That could put them outside of classrooms when more than 20,000 students converge on KSU campuses for the new school year on Aug. 29.

“The schedule is published and we’ll start classes,” university spokesman Ron Kirksey said. “We’d still like to avoid a strike.”

Cheryl Casper, an economics professor and president of the Kent chapter of the American Association of University Professors, said ballots would be distributed to union members next Friday and that they’d vote over the next two weeks.

She said no one expressed opposition to authorizing a strike at a more than 2-hour union meeting on Friday.

If members OK a strike, union leadership would be required under Ohio law to give a 10-day notice to the State Employment Relations Board before proceeding.

Kirksey said it was premature to talk about contingency plans the university may be making to prepare for a strike.

In the meantime, the three unions now negotiating at Kent State are collaborating on a joint benefits proposal that they’ll give to the administration next week.

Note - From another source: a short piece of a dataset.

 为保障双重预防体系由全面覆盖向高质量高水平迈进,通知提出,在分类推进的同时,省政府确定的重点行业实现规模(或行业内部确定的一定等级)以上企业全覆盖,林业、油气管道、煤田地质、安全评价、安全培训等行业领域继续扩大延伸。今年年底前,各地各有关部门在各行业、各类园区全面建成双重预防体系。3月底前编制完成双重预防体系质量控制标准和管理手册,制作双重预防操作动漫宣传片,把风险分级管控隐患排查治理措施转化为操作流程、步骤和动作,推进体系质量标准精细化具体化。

In addition to the tenure-track faculty Casper represents, nontenure-track faculty — also in the AAUP — landscapers and other staffers with the American Federation of State, County and Municipal Employees are in negotiations.

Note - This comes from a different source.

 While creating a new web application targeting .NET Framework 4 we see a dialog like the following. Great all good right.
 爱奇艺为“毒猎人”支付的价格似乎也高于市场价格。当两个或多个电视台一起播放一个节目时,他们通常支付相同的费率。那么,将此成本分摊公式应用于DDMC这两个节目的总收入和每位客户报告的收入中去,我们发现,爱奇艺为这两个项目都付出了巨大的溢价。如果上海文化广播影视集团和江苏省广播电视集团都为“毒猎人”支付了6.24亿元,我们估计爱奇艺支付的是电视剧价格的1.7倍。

For faculty with tenure or lifetime appointments, escalating health care costs have been a sticking point, Casper said.

If Kent State does strike, it would join a tiny fraction of AAUP chapters that have taken a similar course.

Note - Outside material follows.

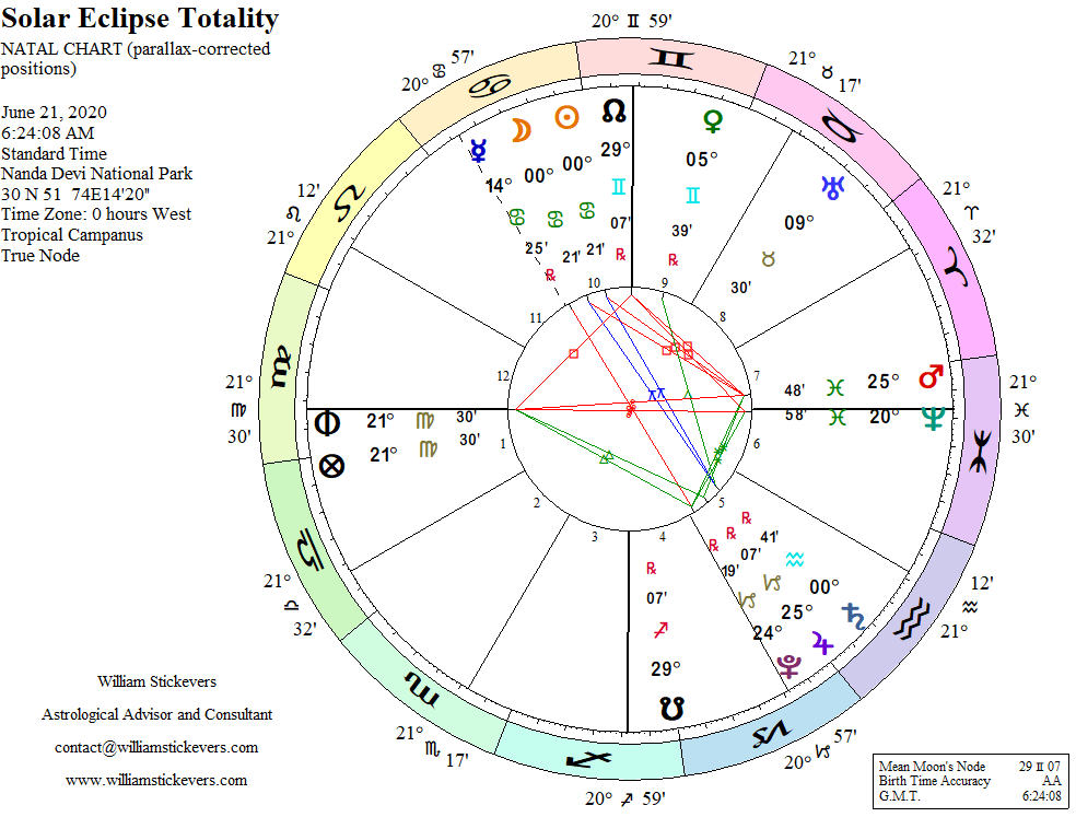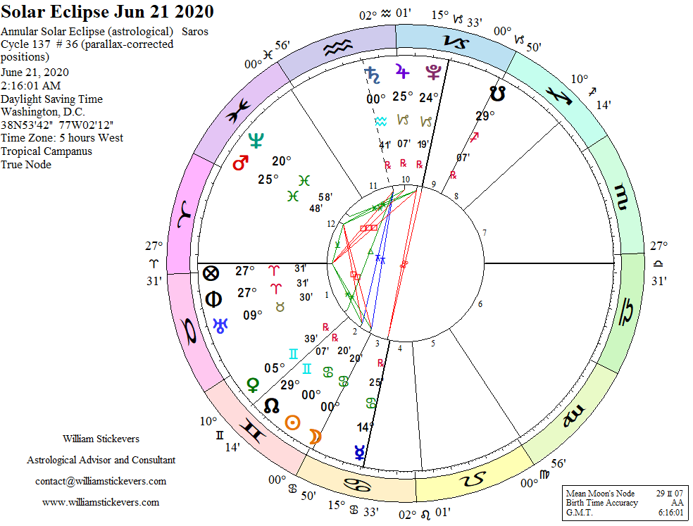 The June 21st Solar Eclipse is part of the series of eclipses on the Cancer–Capricorn axis. These eclipses that began with the Partial Solar Eclipse at 20°30’ Cancer on July 12, 2018, continued throughout 2019 with the Partial Solar Eclipse at 15°28’ Cancer on January 5, 2019, the Total Solar Eclipse at 10°40’ Cancer on July 2, 2019, followed by the Annular Solar Eclipse at 04°07’ Capricorn on December 26, 2019, and into 2020 shortly after the Summer Solstice with the Annular Solar Eclipse at 00°21’ Cancer on June 21st Eclipse, when they will be completed.

None have gone on strike so far this year. Last year, only Eastern Michigan University in Ypsilanti went on strike, and then for only seven hours.

Howard Bunsis, the AAUP president at the Michigan college, said the brief work stoppage was effective. He said EMU faculty got a “good” contract, keeping health care premiums at bay and winning 3.25 percent wage hikes for each of two years.

The Kent union rejected a contract offer earlier this month; the university rejected an independent fact-finder’s report last year.

Casper said she hoped to avoid a strike.

“Unfortunately this is one of the few options open to us,” she said.